JJ Smuts

Personal information
- Full name: Jon-Jon Trevor Smuts
- Born: 21 September 1988 (age 38) Grahamstown, Cape Province, South Africa
- Batting: Right-handed
- Bowling: Slow left-arm orthodox
- Role: Batting all-rounder
- Relations: Kelly Smuts (brother)

International information
- National sides: South Africa (2017–2021); Italy (2026);
- ODI debut (cap 135): 4 February 2020 South Africa v England
- Last ODI: 7 April 2021 South Africa v Pakistan
- T20I debut (cap 69/47): 20 January 2017 South Africa v Sri Lanka
- Last T20I: 19 February 2026 Italy v West Indies

Domestic team information
- 2006/07–2021/22: Eastern Province
- 2007/08–2020/21: Warriors (squad no. 21)
- 2016: St Kitts and Nevis Patriots
- 2018–2019: Nelson Mandela Bay Giants
- 2022/23–present: KwaZulu-Natal Coastal
- 2023: Sunrisers Eastern Cape
- 2024–present: Durban's Super Giants
- 2026: Edinburgh Castle Rockers

Career statistics
| Competition | ODI | T20I | FC | LA |
| Matches | 6 | 20 | 118 | 175 |
| Runs scored | 200 | 257 | 6,315 | 5,745 |
| Batting average | 50.00 | 13.52 | 32.89 | 36.36 |
| 100s/50s | 0/1 | 0/0 | 10/33 | 9/38 |
| Top score | 84 | 45 | 156 | 173* |
| Balls bowled | 180 | 289 | 12,468 | 5,889 |
| Wickets | 4 | 7 | 206 | 123 |
| Bowling average | 41.00 | 49.57 | 31.66 | 38.74 |
| 5 wickets in innings | 0 | 0 | 7 | 0 |
| 10 wickets in match | 0 | 0 | 2 | 0 |
| Best bowling | 2/42 | 2/18 | 6/47 | 4/4 |
| Catches/stumpings | 3/– | 4/– | 64/– | 51/– |
- Source: Cricinfo, 25 September 2026

= JJ Smuts =

South African–Italian cricketer (born 1988)

Jon-Jon Trevor Smuts (born 21 September 1988) is a South African–born Italian cricketer who plays for Italy and has previously represented South Africa in international cricket. He plays for the Warriors in the South African domestic competitions.

He is a right-handed opening batsman and a slow left-arm bowler. In 2010 he was selected for the South African Emerging Players' squad to tour Australia. In the 2018 South African Cricket Annual, he was named as one of the five Cricketers of the Year. He is the brother of cricket player Kelly Smuts.

==Domestic and T20 career==
In the 2010/11 South African domestic season he was named the Chevrolet Warriors cricketer of the season. He was included in the Eastern Province cricket team squad for the 2015 Africa T20 Cup.
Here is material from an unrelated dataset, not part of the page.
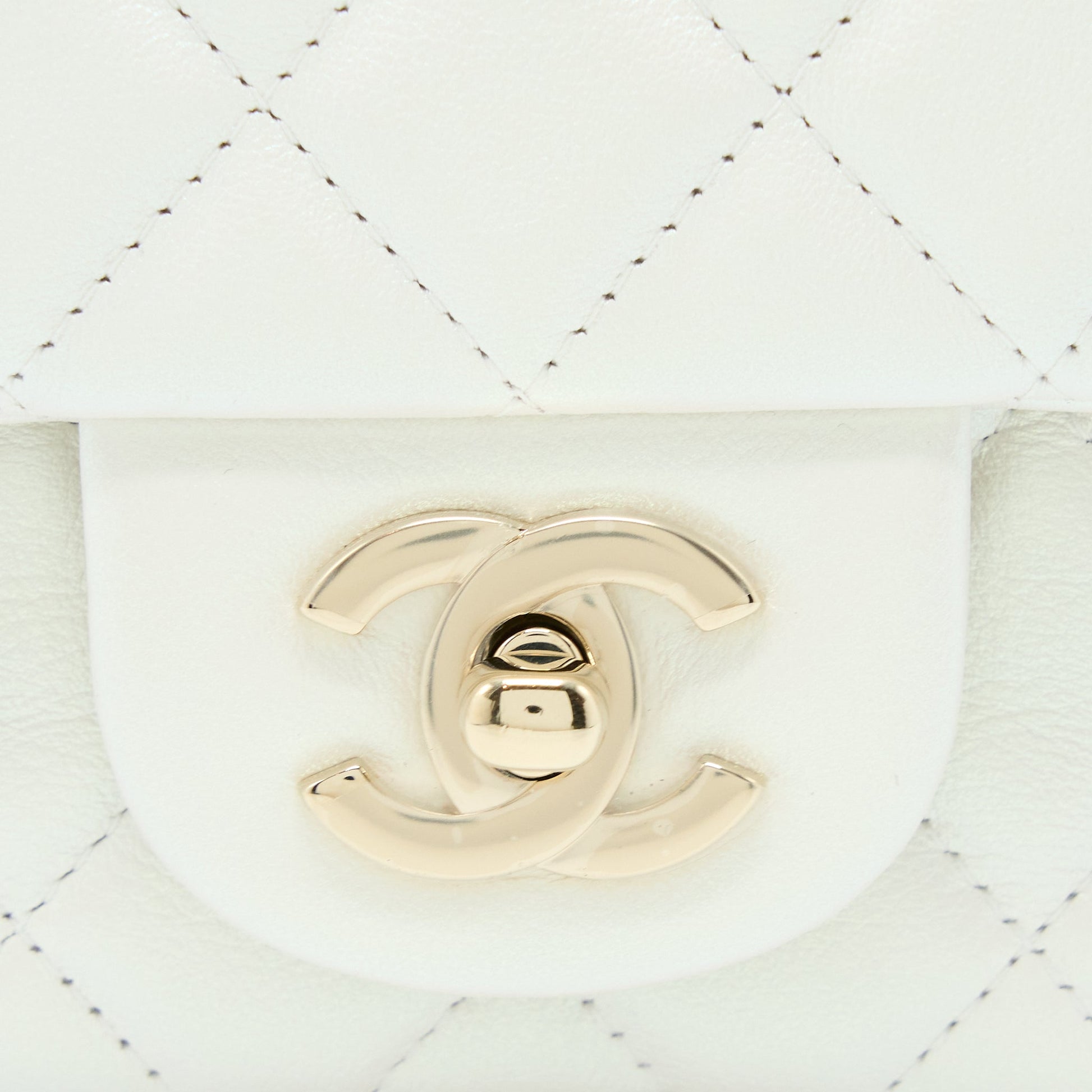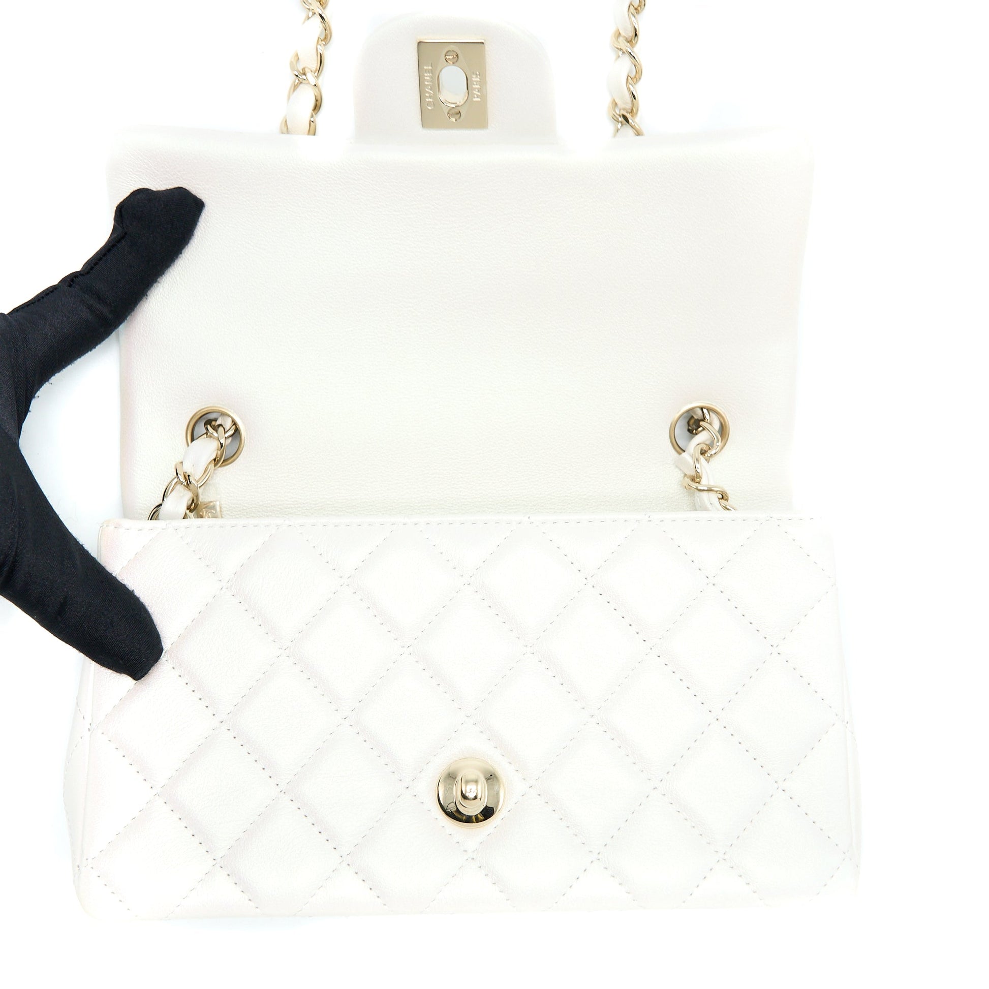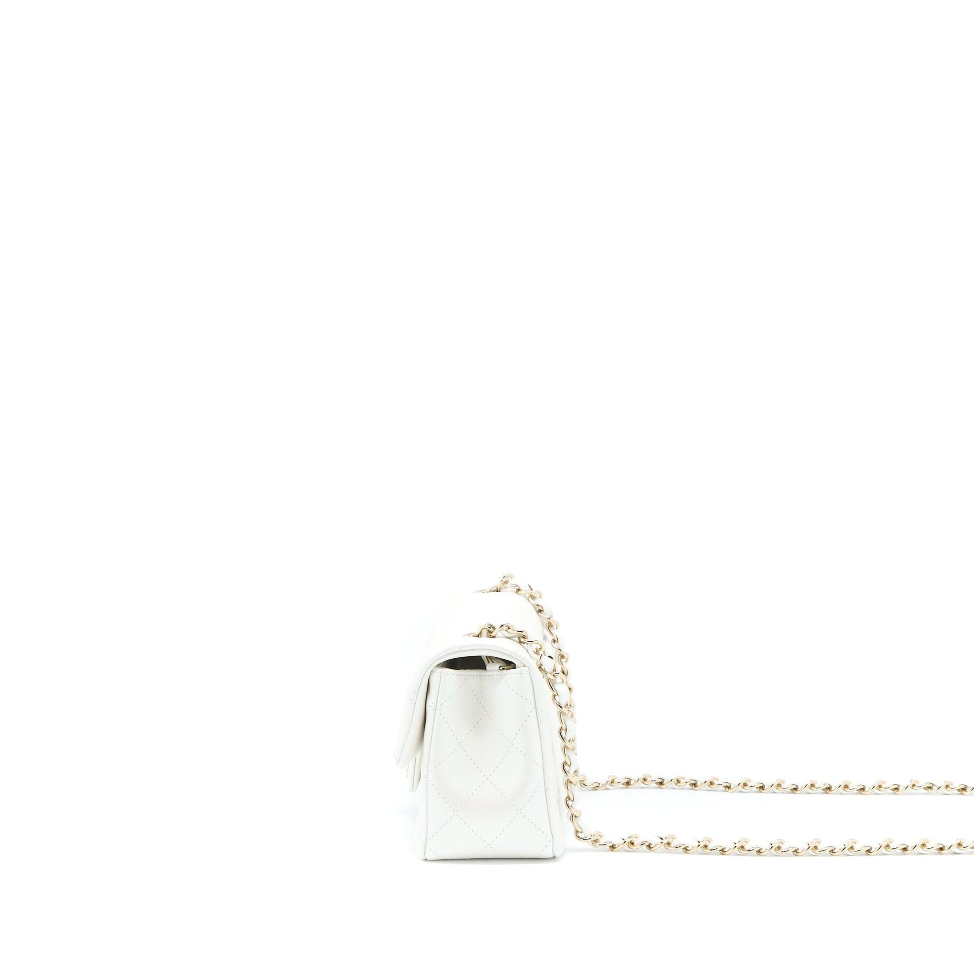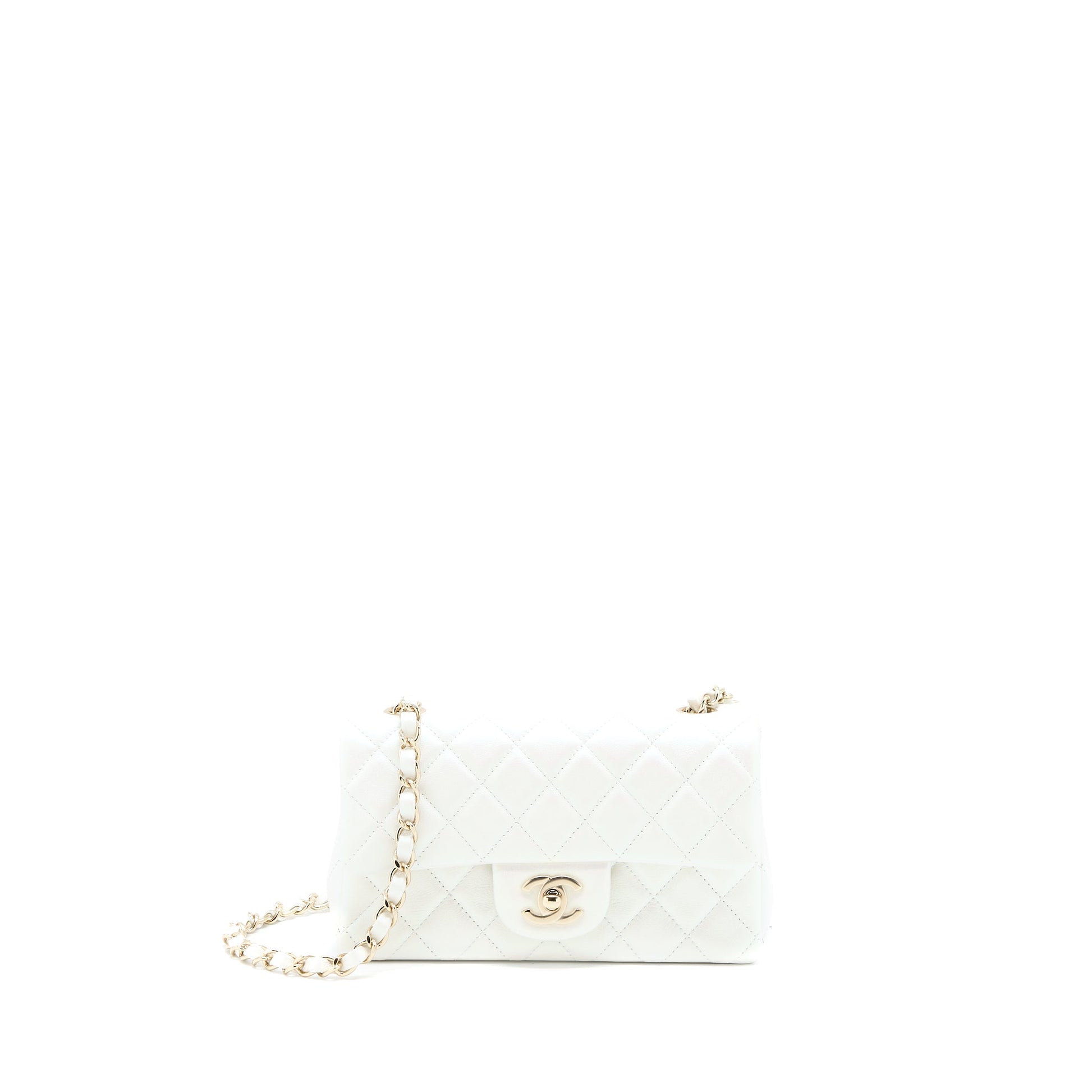 Chanel Classic Mini Rectangular Flap Bag Calfskin Iridescent White LGHW

In October 2018, he was named in Nelson Mandela Bay Giants' squad for the first edition of the Mzansi Super League T20 tournament. He was the leading run-scorer for the team in the tournament, with 219 runs in nine matches.
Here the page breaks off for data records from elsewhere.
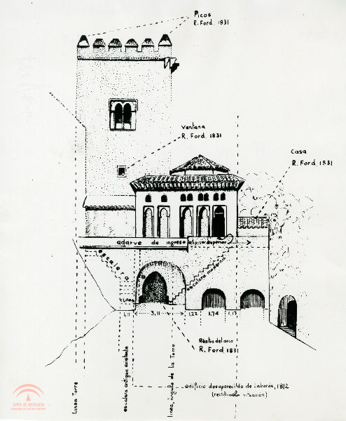 Descripción: 1 positivo en b/n 220 x 184 mmEn: Un problema arqueológico en la Alhambra. Cuadernos de la Alhambra, nº 5, 1969, figura 6. Basilio Pavón MaldonadoEn el reverso aparecen anotaciones a lápiz, " a su tamaño" lám. VII B. Pavón Contrarreplica y en bolígrafo azul Fig. 2 y 1809/8-4
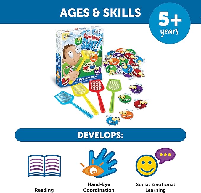 - SWAT A SIGHT WORD GAME: Build reading, spelling and vocabulary skills through playful competition with up to 4 players. The element of speed promotes confidence and fluency in reading.
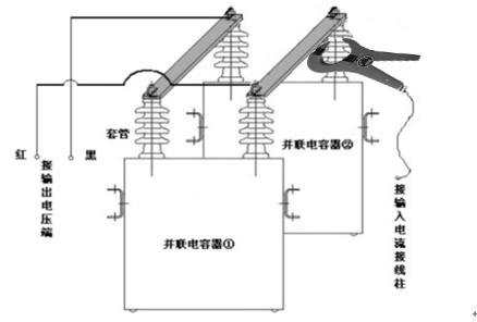 (4)將測(cè)試電壓電纜分別夾在被試電容器組兩極的連接母線上,鉗形電流取樣表卡在所需測(cè)量的單臺(tái)電容器的套管處;

In July 2019, he was selected to play for the Glasgow Giants in the inaugural edition of the Euro T20 Slam cricket tournament. However, the following month the tournament was cancelled. In September 2019, he was named in the squad for the Nelson Mandela Bay Giants team for the 2019 Mzansi Super League tournament. In April 2021, he was named in Eastern Province's squad, ahead of the 2021–22 cricket season in South Africa.

==International career==
===South Africa===
In January 2017 he was included in South Africa's Twenty20 International (T20I) squad for their series against Sri Lanka. He made his T20I debut for South Africa against Sri Lanka on 20 January 2017. In August 2017, he was named in Nelson Mandela Bay Stars' squad for the first season of the T20 Global League. However, in October 2017, Cricket South Africa initially postponed, and later cancelled the tournament. In January 2020, he was selected for South Africa's One Day International (ODI) squad for their series against England. He made his ODI debut on 4 February 2020, for South Africa against England.

===Italy===
Smuts became eligible to play for Italy through his wife's heritage. In January 2026, he was named in Italy's squad for the 2026 Men's T20 World Cup.

Smuts made his Twenty20 International (T20I) debut for Italy on 23 January 2026, in the T20I series against Ireland in the UAE.